The entries below should be quoted exactly, with no pictures carried over.

Source data:
== Segment start ==

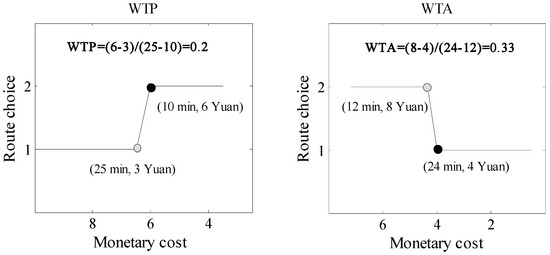 As indicated by Equations (3) and (4), travelers on route would not change to route if the increase in monetary cost is greater than or equal to the right-hand-side value, and the coefficient in Equation (4) is equal to the travelers’ willingness to pay (WTP). Then, based on the above analysis, a route choice experiment will be conducted in the following section to verify travelers’ inertial route choices that resulted from asymmetric preference.
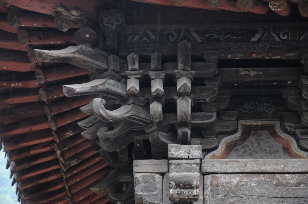 传统手工艺,在此次修复中大量使用。新补的琉璃砖雕,可以看得出手工雕刻的痕迹;大殿上新更换的梁枋,用传统的锯子、刨子打磨;甚至石栏杆、栏板,也是当地匠人用錾子一下下打出来的。至于在地震中撕裂的部分墙体,其材料就是本地的黄泥、石灰和草绳……
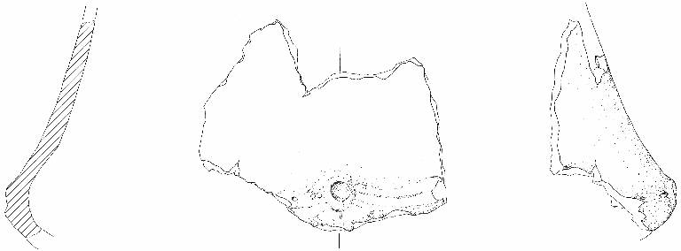 Orlo non conservato, corpo complessivamente biconico, base non conservata.\nLa spalla presenta una bozza cava con profilo mammelliforme, decorata con una leggera depressione circolare da cui si dipartono nei due sensi due cordoni risparmiati a leggero rilievo sulla superficie da due leggere solcature con andamento orizzontale leggermente arcuato, poste a festone ad assecondare la morfologia della bozza . Colore: grigio scuro.
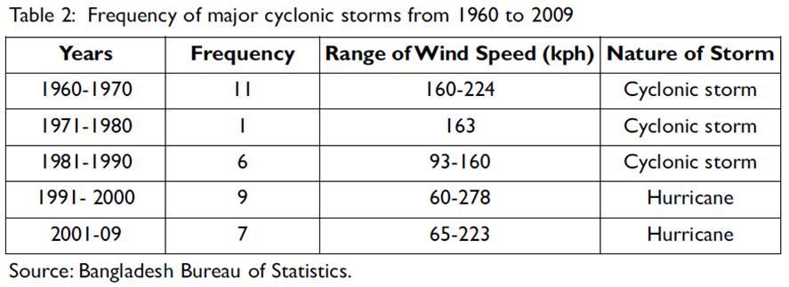 Table 2 presents a picture of the occurrence of natural disasters in deltaic Bangladesh between 1960 and 2009. On average, over the last 50 years at least one cyclonic storm or a storm with hurricane intensity has hit the coast of the Bay of Bengal every 1.5 years. Over the last five decades, the frequency of cyclonic storms has been very high, except between 1971 and 1980. The highest frequency was observed between 1960 and 1970 and the second highest was between 1991 and 2000. Due to the frequency and the strength of storms and sea water surge more than half a million lives were lost between 1960 and 1970. In the 1980s, about 100,000 people perished due to the cyclonic storms. The damage was unprecedented both in terms of loss of lives and property in the 1960s and 1970s, since the disaster management capacity and the early warning devices were almost absent during those days.
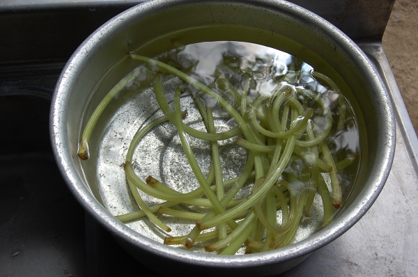 庭に自生しているフキを取って皮をむいて水に浸けておいた。
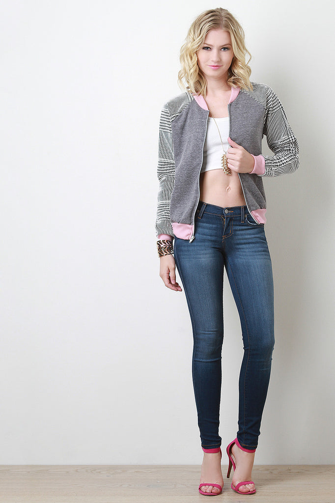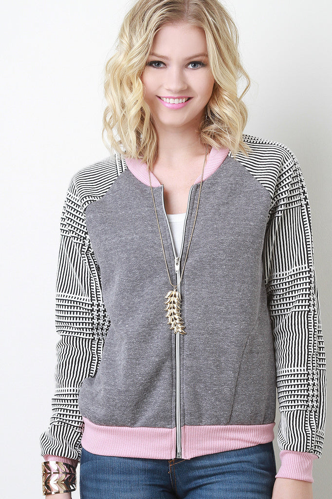 This cozy varsity inspired jacket features gird sleeves, pink ribbed knit trim, side pocket, and zipper front. Accessories sold separately. Made in U.S.A. 88% Polyester, 9% Rayon, 3% Spandex. Contrast: 48% Polyester, 48% Rayon, 4% Spandex.
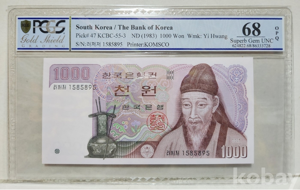 -대한민국 2차 천원 음성권 PCGS 68 고등급이며 그레이딩 입니다.
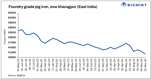 Tata Metaliks has reduced prices of foundry-grade pig iron by INR 1,500/t ($17/t) due to weak demand. This marks the second price cut this month. Post-revision, foundry-grade pig iron was priced at INR 40,000/t ($473/t).
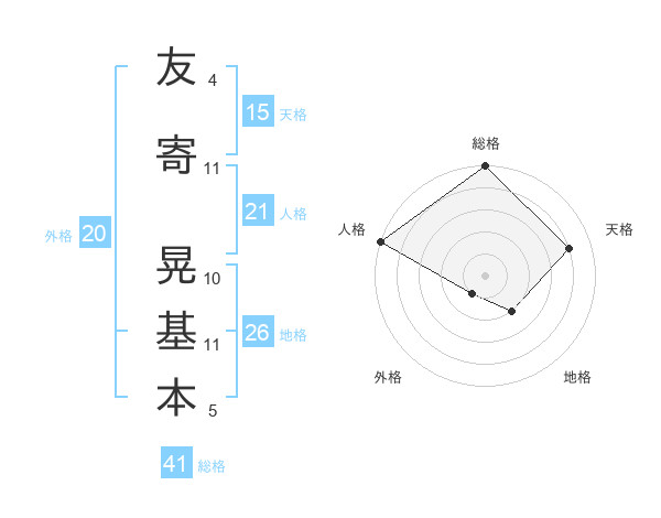 友寄 晃基本さんの天格は15画の4点!
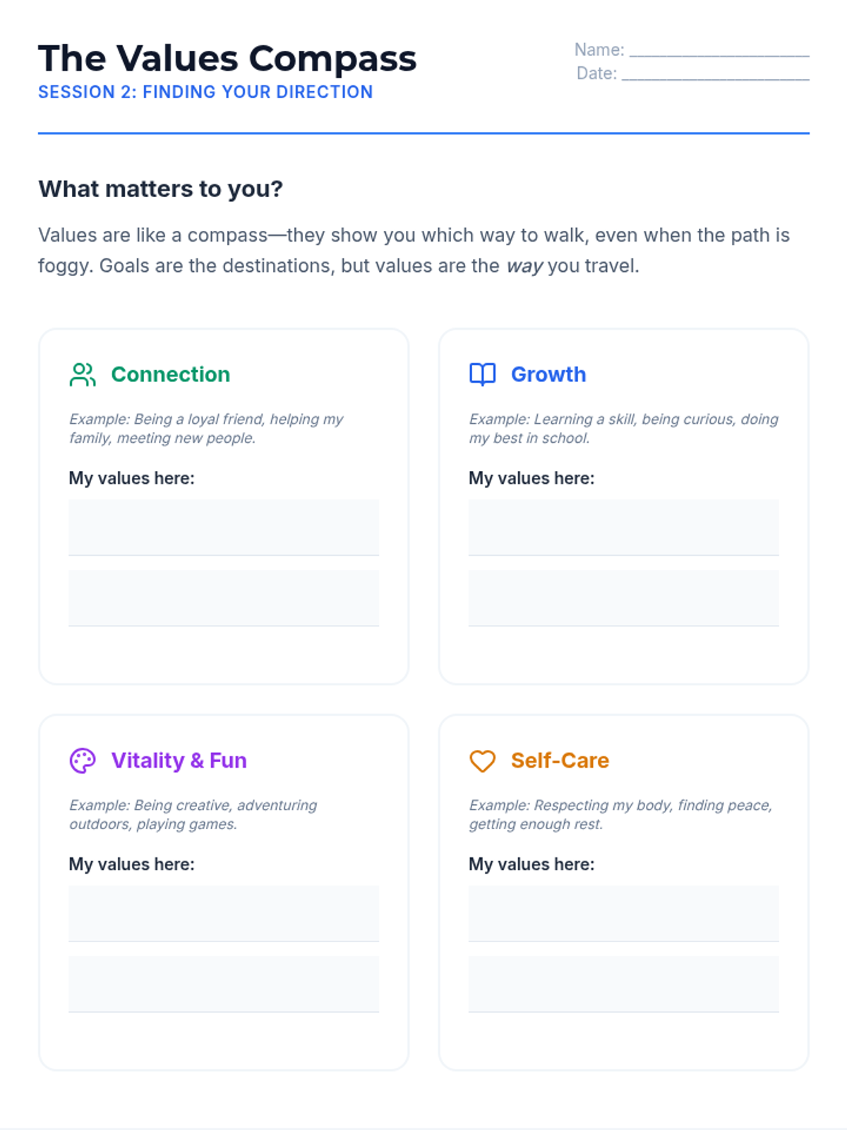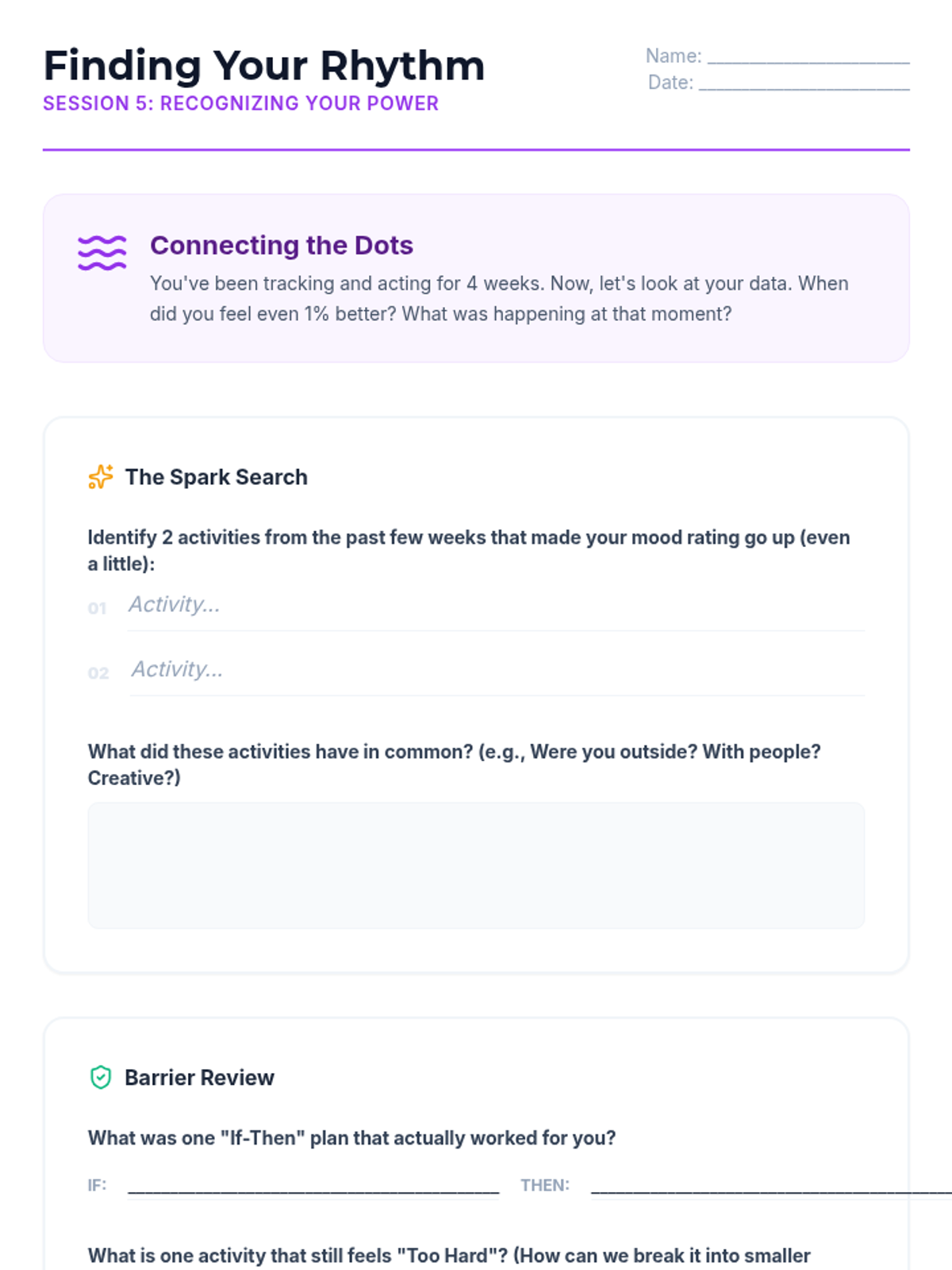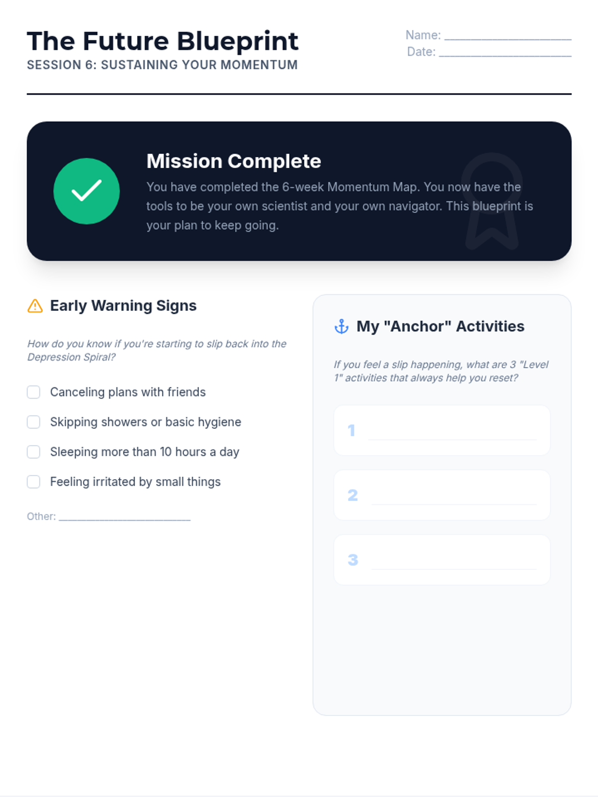 A comprehensive 6-week Behavioral Activation program for high school students struggling with anxiety and depression. The program focuses on the link between activity and mood, identifying personal values, and creating sustainable action plans to improve mental well-being.
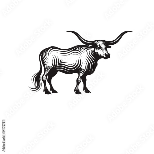 Obraz premium Majestic bull with curved horns and dynamic black and white design
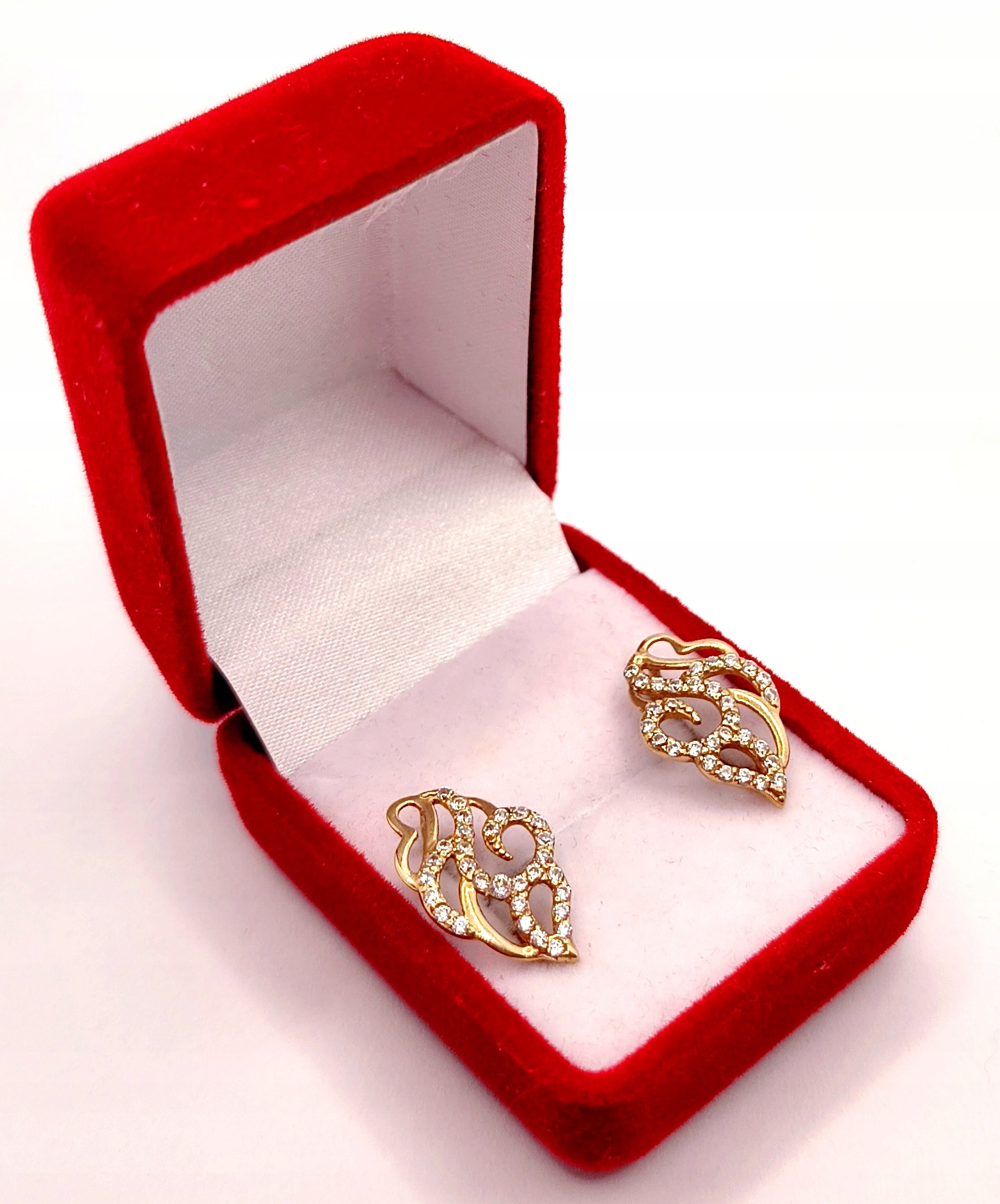 W ofercie na sprzedaż mamy dla Państwa złote, ażurowe kolczyki ozdobione cyrkoniami.

== Segment end ==

EXERCISE ANSWER:
 As indicated by Equations (3) and (4), travelers on route would not change to route if the increase in monetary cost is greater than or equal to the right-hand-side value, and the coefficient in Equation (4) is equal to the travelers’ willingness to pay (WTP). Then, based on the above analysis, a route choice experiment will be conducted in the following section to verify travelers’ inertial route choices that resulted from asymmetric preference.
 传统手工艺,在此次修复中大量使用。新补的琉璃砖雕,可以看得出手工雕刻的痕迹;大殿上新更换的梁枋,用传统的锯子、刨子打磨;甚至石栏杆、栏板,也是当地匠人用錾子一下下打出来的。至于在地震中撕裂的部分墙体,其材料就是本地的黄泥、石灰和草绳……
 Orlo non conservato, corpo complessivamente biconico, base non conservata.\nLa spalla presenta una bozza cava con profilo mammelliforme, decorata con una leggera depressione circolare da cui si dipartono nei due sensi due cordoni risparmiati a leggero rilievo sulla superficie da due leggere solcature con andamento orizzontale leggermente arcuato, poste a festone ad assecondare la morfologia della bozza . Colore: grigio scuro.
 Table 2 presents a picture of the occurrence of natural disasters in deltaic Bangladesh between 1960 and 2009. On average, over the last 50 years at least one cyclonic storm or a storm with hurricane intensity has hit the coast of the Bay of Bengal every 1.5 years. Over the last five decades, the frequency of cyclonic storms has been very high, except between 1971 and 1980. The highest frequency was observed between 1960 and 1970 and the second highest was between 1991 and 2000. Due to the frequency and the strength of storms and sea water surge more than half a million lives were lost between 1960 and 1970. In the 1980s, about 100,000 people perished due to the cyclonic storms. The damage was unprecedented both in terms of loss of lives and property in the 1960s and 1970s, since the disaster management capacity and the early warning devices were almost absent during those days.
 庭に自生しているフキを取って皮をむいて水に浸けておいた。
 This cozy varsity inspired jacket features gird sleeves, pink ribbed knit trim, side pocket, and zipper front. Accessories sold separately. Made in U.S.A. 88% Polyester, 9% Rayon, 3% Spandex. Contrast: 48% Polyester, 48% Rayon, 4% Spandex.
 -대한민국 2차 천원 음성권 PCGS 68 고등급이며 그레이딩 입니다.
 Tata Metaliks has reduced prices of foundry-grade pig iron by INR 1,500/t ($17/t) due to weak demand. This marks the second price cut this month. Post-revision, foundry-grade pig iron was priced at INR 40,000/t ($473/t).
 友寄 晃基本さんの天格は15画の4点!
 A comprehensive 6-week Behavioral Activation program for high school students struggling with anxiety and depression. The program focuses on the link between activity and mood, identifying personal values, and creating sustainable action plans to improve mental well-being.
 Obraz premium Majestic bull with curved horns and dynamic black and white design
 W ofercie na sprzedaż mamy dla Państwa złote, ażurowe kolczyki ozdobione cyrkoniami.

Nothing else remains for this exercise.